Thursday, February 5, 2009

Artist Focus 2: Alexei Shurgin




Strange, nostalgic and humorous, Alexei Shurgin's work is unlike that of many other new media artists. The Russian-born artist is best known for his creation of digitized music on a now-outdated operating system, which upon first glance does not seem particularly like fine art. His sound files consist of both digitized, popular American songs and Russian ones, either self-composed or covering an existing but unfamiliar one. The culmination of these efforts culminated in its most popularized form, the cyber-punk "rock band" called "386 DX" (1998). The songs are collected on a CD, sold through his website, and are downloadable in various forms. Shurgin has played these sound files live, experimenting with the music media in ways varying from playing them in British pubs to orchestrating the sounds in san Diego and stationing speakers to play in Tijuana, and so on. Shurgin also had a habit of collecting websites and deeming them "art" by his own award system, on WWWArt Award. Although most of the websites aren't any longer accessible, the introduction in the website and the taglines in the various link give visitors to the site a good idea of Shurgin's perspective on this new art. One should approach this medium of computers playfully, monopolizing on the availability of communication and image and their blurry art / non-art line to deem creations "art" upon personal persuasion.

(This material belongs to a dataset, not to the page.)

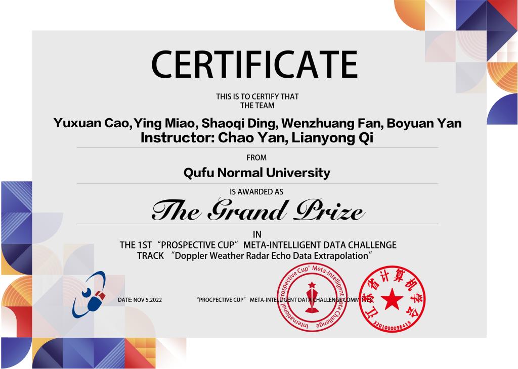 曲阜师大新闻中心讯 近日,由第十二届计算机工程与网络国际会议(CENet2022)发起的首届国际“远见杯”元智能数据挑战大赛(中国科协欧洲(比利时)海智创新创业基地、江苏省计算机学会主办)在海南省海口市落下帷幕。大赛采取赛道制,分为“火灾下混凝土温度孔压时空演化学习”、“音乐驱动的指挥动作生成”、“沉积学知识图谱中实体识别”、“多普勒天气雷达回波数据外推”四个赛道。其中,由开元足球_开元(中国)计算机学院闫超、齐连永老师指导,曹宇轩、苗影、丁少奇、樊文壮和闫博远等研究生完成的参赛作品:A Doppler Weather Radar Echo Data Extrapolation Model Based on MultiConvARIMA,喜获大赛唯一特等奖(奖金1万元)。

To what extent is 386 DX art, except in the sense that Shurgin deems it so? It is an interesting identity game he plays with the audience by calling his personal productions those of a "band:" is he trying to make a statement on the interaction between man and computer as an exchange, like what humans have? Maybe. I don't know how far that line of thinking would take me. More immediately appealing is a statement the Mark Tribe website made about his work: that there is "evidence of the distinct Pop art sensibility" in his work. Hearing an early-video-game-esque version of Smells Like Teen Spirit is, when I think about it, somewhat reminiscent of Lichenstein's cartoon paintings: the subject matter is unavoidably familiar, but the kicker (if you will) in terms of its artistic merit is the substance behind the product, the process of creation. Making a comic book panel into a large oil painting blurs the lines between fine and low art, and transforming gritty Nirvana songs into silly mechanized sounds composed of complex codes writted for the operating system diminished the emphasis placed on a computer's left-brained information processing importance for its elusive right-brained creative potentials. Covering a Nirvana song in the same musical media as Kurt Cobain and his band chose would have significantly less thematic interest.

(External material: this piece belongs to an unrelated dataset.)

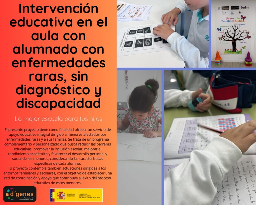 La Asociación de Enfermedades Raras D´Genes ha puesto en marcha un curso más su proyecto de Intervención educativa en el aula con alumnado con enfermedades raras, sin diagnóstico y discapacidad en la Región de Murcia, que tiene como finalidad ofrecer un servicio de apoyo educativo integral dirigido a menores afectados por enfermedades raras y a sus familias. Se trata de un programa complementario y personalizado que busca reducir las barreras educativas, promover la inclusión escolar, mejorar el rendimiento académico y favorecer el desarrollo personal y social de los menores, considerando las características específicas de cada alumno.
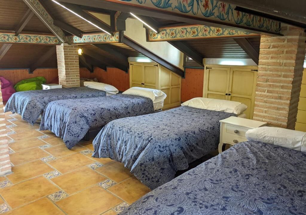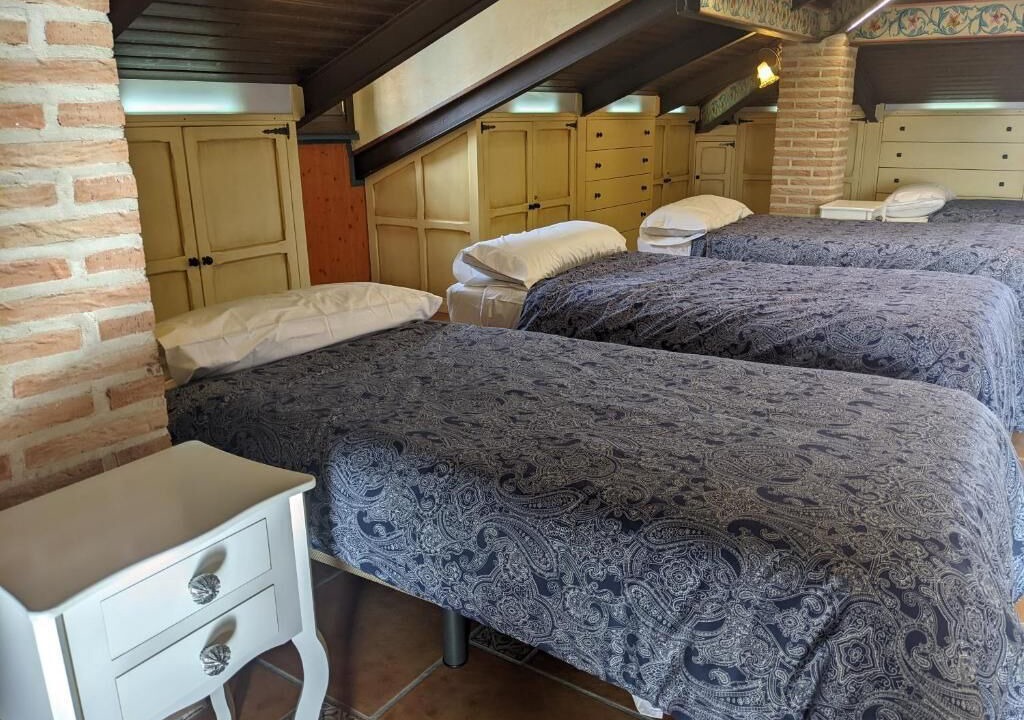 This spacious villa accommodates up to 10 guests, making it perfect for families or groups of friends. It features three elegant double suites, one with an en-suite bathroom with a shower, while the other two share an external bathroom, also equipped with a shower. Additionally, there is a large attic space that can host 4 to 6 single beds and includes a private bathroom for added convenience. The minimum stay at our villa is 2 nights.

Thinking of our exploration of HTML, it seems amazing that the cold feel of writing codes for the computer can be translated into something that not only makes sense, but can be aesthetically pleasing and maybe (with enough experience) clever, ironic, or playful. My experience also made me realize how difficult the coding would have been to create these songs, matching tone to beat, synthesizing, and so on. I imagine it almost like weaving a blanket out of threads by hand: we take for granted the craftsmanship of blankets when we can buy them and come by them so easily. When presented in an art context, however, we become immediately aware of the concert of laying threads strand by strand, the intricacy, the care behind it. Perhaps that's what Shurgin is trying to do in the art aspect of 386 DX: to make us realize a common thing's complexity when placed in an art context.